— DATA EXCERPT —
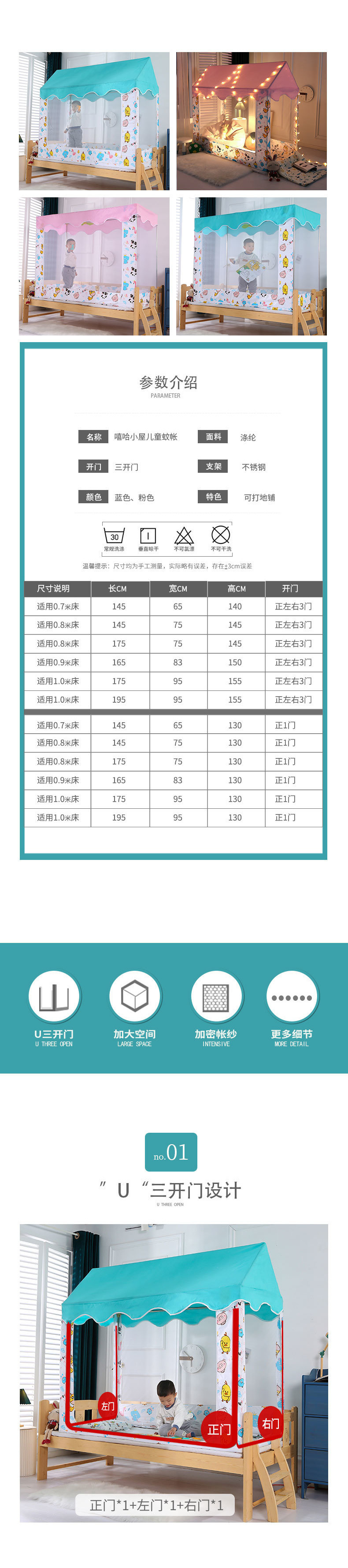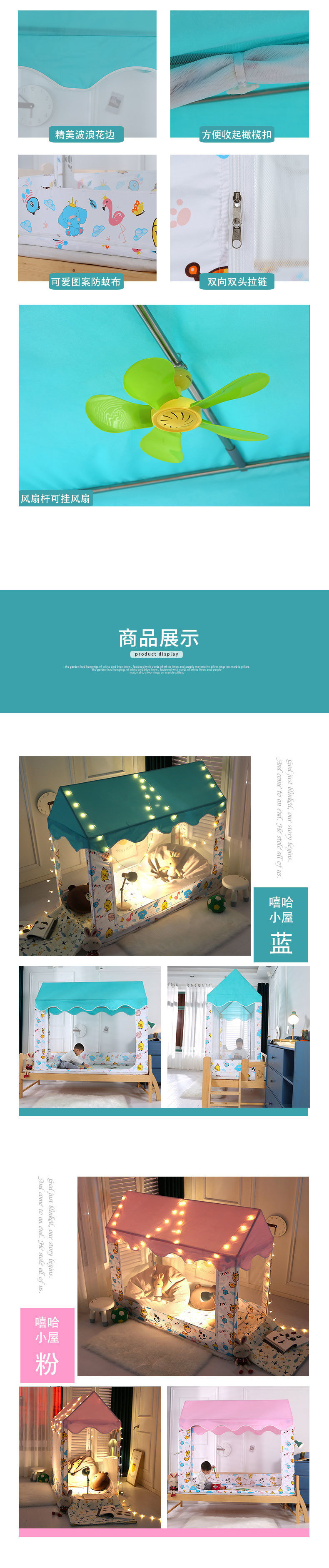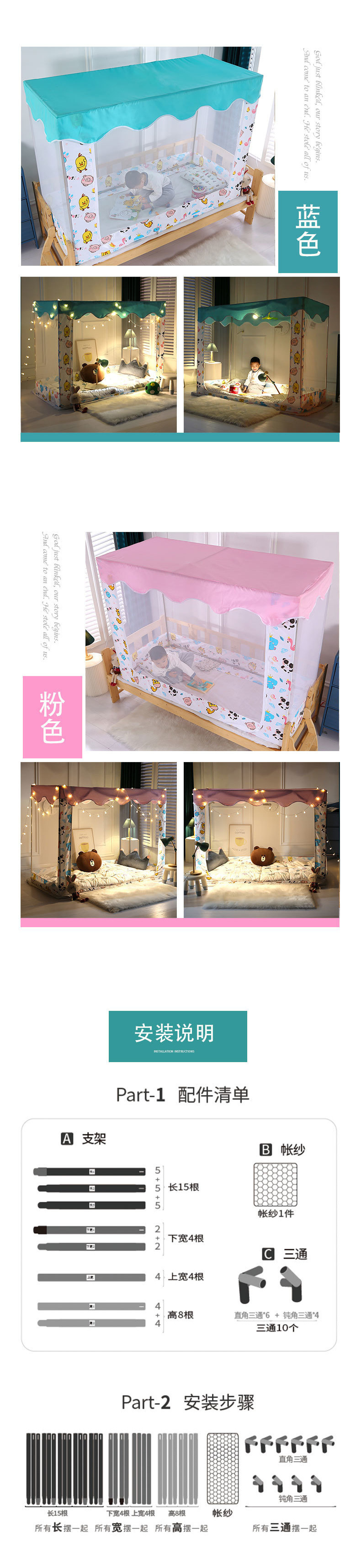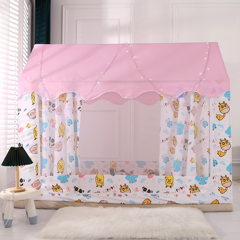 어린이 침대 빛 차단 모기장 침대 커튼 공주 게임 텐트 새로운 스타일 소녀 소년 베이비 핑크 블루 만화 접합스토어 가기
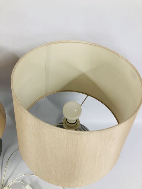 A PAIR OF DESIGNER TABLE LAMPS MARKED "DAR" WITH CREAM SHADES - SOLD AS SEEN.
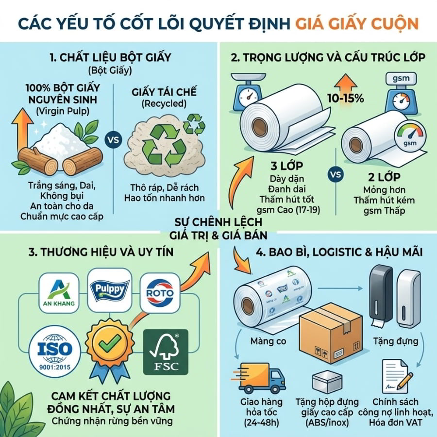 Yếu tố thứ ba là sức mạnh và uy tín của thương hiệu. Những thương hiệu đã có bề dày lịch sử và uy tín vững chắc trên thị trường vật tư Horeca như An Khang, Roto hay Pulppy thường định vị mức giá nhỉnh hơn đôi chút. Sự chênh lệch này là chi phí bạn trả cho sự an tâm. Họ cam kết mang đến một quy trình sản xuất khép kín đạt tiêu chuẩn quốc tế ISO 9001:2015 , chứng nhận rừng bền vững FSC, đảm bảo chất lượng hàng ngàn cuộn như một, không có tình trạng mốc, ẩm hay xén bớt định lượng.
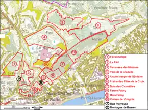 - Prairie des Filles de la Croix : propriété des Filles de la Croix installées dans l'ancien couvent des Capucines, cette prairie est difficilement accessible, soit par les nombreuses impasses de la rue Hors-Château, soit par le sentier de randonnée des Clématites[note 3]. Elle est régulièrement broutée par un troupeau de moutons et de chèvres itinérant. Cet espace est aussi très intéressant pour sa biodiversité, son paysage de bocage et les perspectives insolites qu'il offre sur la ville.

— EXERCISE PROMPT —
When you retype the listing above, keep each line exactly as written and drop the pictures.

— SOLVED PROBLEM —
 어린이 침대 빛 차단 모기장 침대 커튼 공주 게임 텐트 새로운 스타일 소녀 소년 베이비 핑크 블루 만화 접합스토어 가기
 A PAIR OF DESIGNER TABLE LAMPS MARKED "DAR" WITH CREAM SHADES - SOLD AS SEEN.
 Yếu tố thứ ba là sức mạnh và uy tín của thương hiệu. Những thương hiệu đã có bề dày lịch sử và uy tín vững chắc trên thị trường vật tư Horeca như An Khang, Roto hay Pulppy thường định vị mức giá nhỉnh hơn đôi chút. Sự chênh lệch này là chi phí bạn trả cho sự an tâm. Họ cam kết mang đến một quy trình sản xuất khép kín đạt tiêu chuẩn quốc tế ISO 9001:2015 , chứng nhận rừng bền vững FSC, đảm bảo chất lượng hàng ngàn cuộn như một, không có tình trạng mốc, ẩm hay xén bớt định lượng.
 - Prairie des Filles de la Croix : propriété des Filles de la Croix installées dans l'ancien couvent des Capucines, cette prairie est difficilement accessible, soit par les nombreuses impasses de la rue Hors-Château, soit par le sentier de randonnée des Clématites[note 3]. Elle est régulièrement broutée par un troupeau de moutons et de chèvres itinérant. Cet espace est aussi très intéressant pour sa biodiversité, son paysage de bocage et les perspectives insolites qu'il offre sur la ville.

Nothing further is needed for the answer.